The etiology of EGID remains largely unknown. Several studies have suggested a relationship with specific food allergies, and approximately 70% of patients may have a personal or family history of allergic disorders such as asthma, fever, hypersensitivity to drugs, or eczema [10]. In contrast to other EGID, eosinophilic colitis is usually a non-IgE-associated disease. Thus, skin prick test or antigen-specific IgE (RAST) is negative [12]. Some studies point to a T cell-mediated process, but the exact immunologic mechanisms for this have not been identified [13]. Similarly our case have normal total IgE and lacked immunologic evidence for allergy. Causes of EC may be divided into 2 main groups, that is, those with primary and secondary causes. Primary eosinophilic colitis is the rarest manifestation of EGID, the other more common presentations being eosinophilic esophagitis and eosinophilic gastroenteritis [14]. The disease mainly affects the pediatric population, although it has been reported in the adult population as well. The hallmarks of EC are peripheral eosinophilia, segmental eosinophilic colonic infiltration, and functional abnormalities [13]. Secondary causes of EC include parasitic infection, inflammatory bowel disease, carcinoma, connective tissue disease, drug-related causes such as Rifampicin, Clozapine, and Carbamazepine, and vasculitic causes. Clinical presentation of the primary EC depends on the layer of intestinal wall that is infiltrated by eosinophils and correlates well with the physical symptoms and clinical findings. Mucosal predominant disease presents with diarrhea, protein wasting, and malabsorption [15]. Transmural disease is associated with thickened bowel, obstruction, perforation, volvulus, intussusception [16], and perforation [17]. Serosal involvement is characterized by presence of eosinophilic ascites [18]. The diagnosis of EC is made via the presence of symptoms, peripheral eosinophilia, endoscopic or histological findings, and eosinophilic ascites, with exclusion of all other causes of secondary eosinophilia.
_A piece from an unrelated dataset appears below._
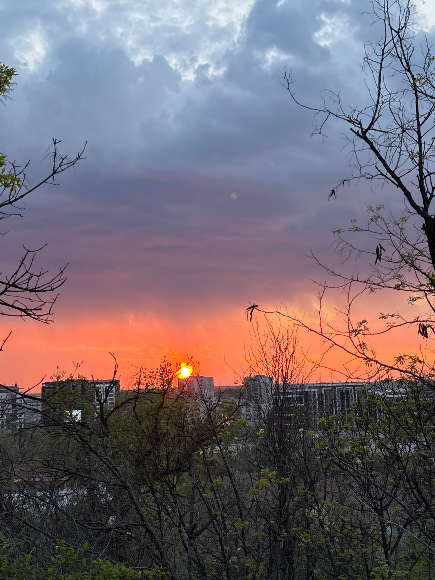 The image shows a sunset scene in an urban environment, likely Plovdiv, Bulgaria. The sun, a bright orange orb, is positioned low on the horizon. The sky transitions from a vibrant orange near the sun…read more
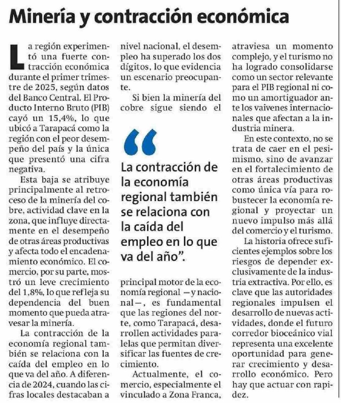 Minería y contracción económica 26-06-2025 La Estrella de Iquique |

Histological findings show eosinophilic infiltrates throughout the lamina propria, with extension through the muscularis mucosa into the submucosa. Crypt abscesses and lymphonodular hyperplasia may also be evident [19].
Treatment of EGID can be divided into dietary modifications and pharmacotherapy. Food allergy testings and elimination and elemental diets should be considered and often are performed before a trial of corticosteroids. Corticosteroids are the mainstay of therapy and most patients have symptomatic response [1, 16, 20]. Treatment of EC has not been well established because of the low numbers of reported cases. In neonates, there has been some beneficial effect of withdrawing specific food triggers for cases with food allergies; however, in adults, the response of dietary modification is less clearer. In patients who present with abdominal symptoms, firstly, indications for surgical exploration must be ruled out, such as free intraabdominal air, volvulus, obstruction, or peritonitis. In all other patients with no such indications, corticosteroids have been found to be effective for symptom control in EC [21]. The majority of cases respond within 2 weeks of treatment; however, relapse is frequent and may require recurrent courses which may lead to steroid dependence. Budesonide has been shown to be effective in cases of EC, particularly in the right colon [21].
Eosinophilic colitis is seen very rarely. It may present acutely and may lead to surgical exploration because of the severe and fatal complications like haemorrhage and perforation. Early diagnosis and appropriate treatment is very important in such patients.